### [INFORMATION PROVIDED]

---+---

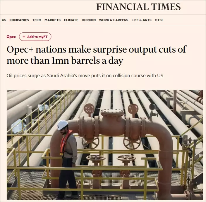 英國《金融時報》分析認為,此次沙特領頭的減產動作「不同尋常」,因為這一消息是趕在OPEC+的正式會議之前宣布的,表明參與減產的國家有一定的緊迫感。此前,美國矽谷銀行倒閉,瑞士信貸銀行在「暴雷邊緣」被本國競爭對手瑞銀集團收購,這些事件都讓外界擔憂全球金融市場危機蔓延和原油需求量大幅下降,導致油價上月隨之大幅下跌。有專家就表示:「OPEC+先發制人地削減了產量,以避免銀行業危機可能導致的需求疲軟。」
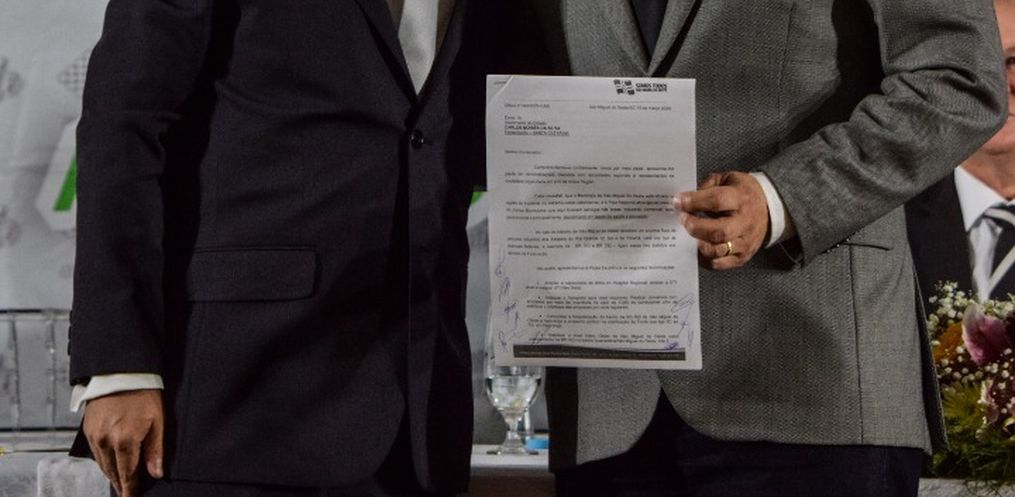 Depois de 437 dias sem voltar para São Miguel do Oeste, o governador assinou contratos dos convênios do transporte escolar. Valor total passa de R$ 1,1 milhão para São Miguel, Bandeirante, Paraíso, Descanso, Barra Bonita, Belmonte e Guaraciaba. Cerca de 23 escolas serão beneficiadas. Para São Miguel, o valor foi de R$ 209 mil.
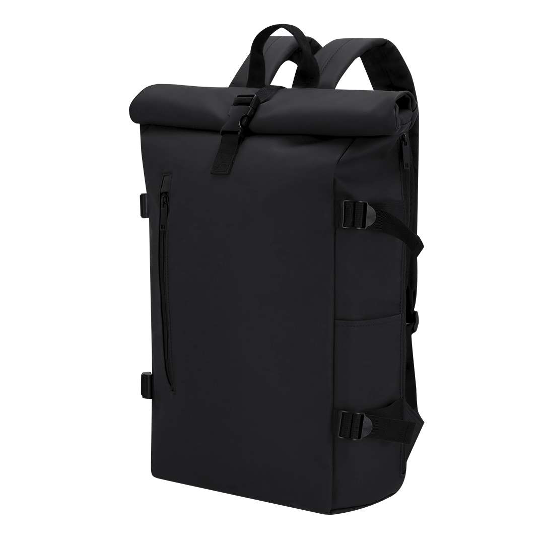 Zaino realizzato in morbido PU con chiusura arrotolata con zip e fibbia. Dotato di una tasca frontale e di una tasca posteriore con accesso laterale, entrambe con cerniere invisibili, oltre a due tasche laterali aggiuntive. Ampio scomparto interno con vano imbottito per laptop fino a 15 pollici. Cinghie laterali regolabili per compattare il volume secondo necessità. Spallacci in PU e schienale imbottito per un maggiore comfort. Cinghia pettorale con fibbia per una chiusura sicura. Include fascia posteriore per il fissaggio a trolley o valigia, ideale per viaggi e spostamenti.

---+---

### [INSTRUCTIONS TO FOLLOW]
Everything in the data except the pictures should be restated word for word.

### [RESPONSE TO THE EXERCISE]
 英國《金融時報》分析認為,此次沙特領頭的減產動作「不同尋常」,因為這一消息是趕在OPEC+的正式會議之前宣布的,表明參與減產的國家有一定的緊迫感。此前,美國矽谷銀行倒閉,瑞士信貸銀行在「暴雷邊緣」被本國競爭對手瑞銀集團收購,這些事件都讓外界擔憂全球金融市場危機蔓延和原油需求量大幅下降,導致油價上月隨之大幅下跌。有專家就表示:「OPEC+先發制人地削減了產量,以避免銀行業危機可能導致的需求疲軟。」
 Depois de 437 dias sem voltar para São Miguel do Oeste, o governador assinou contratos dos convênios do transporte escolar. Valor total passa de R$ 1,1 milhão para São Miguel, Bandeirante, Paraíso, Descanso, Barra Bonita, Belmonte e Guaraciaba. Cerca de 23 escolas serão beneficiadas. Para São Miguel, o valor foi de R$ 209 mil.
 Zaino realizzato in morbido PU con chiusura arrotolata con zip e fibbia. Dotato di una tasca frontale e di una tasca posteriore con accesso laterale, entrambe con cerniere invisibili, oltre a due tasche laterali aggiuntive. Ampio scomparto interno con vano imbottito per laptop fino a 15 pollici. Cinghie laterali regolabili per compattare il volume secondo necessità. Spallacci in PU e schienale imbottito per un maggiore comfort. Cinghia pettorale con fibbia per una chiusura sicura. Include fascia posteriore per il fissaggio a trolley o valigia, ideale per viaggi e spostamenti.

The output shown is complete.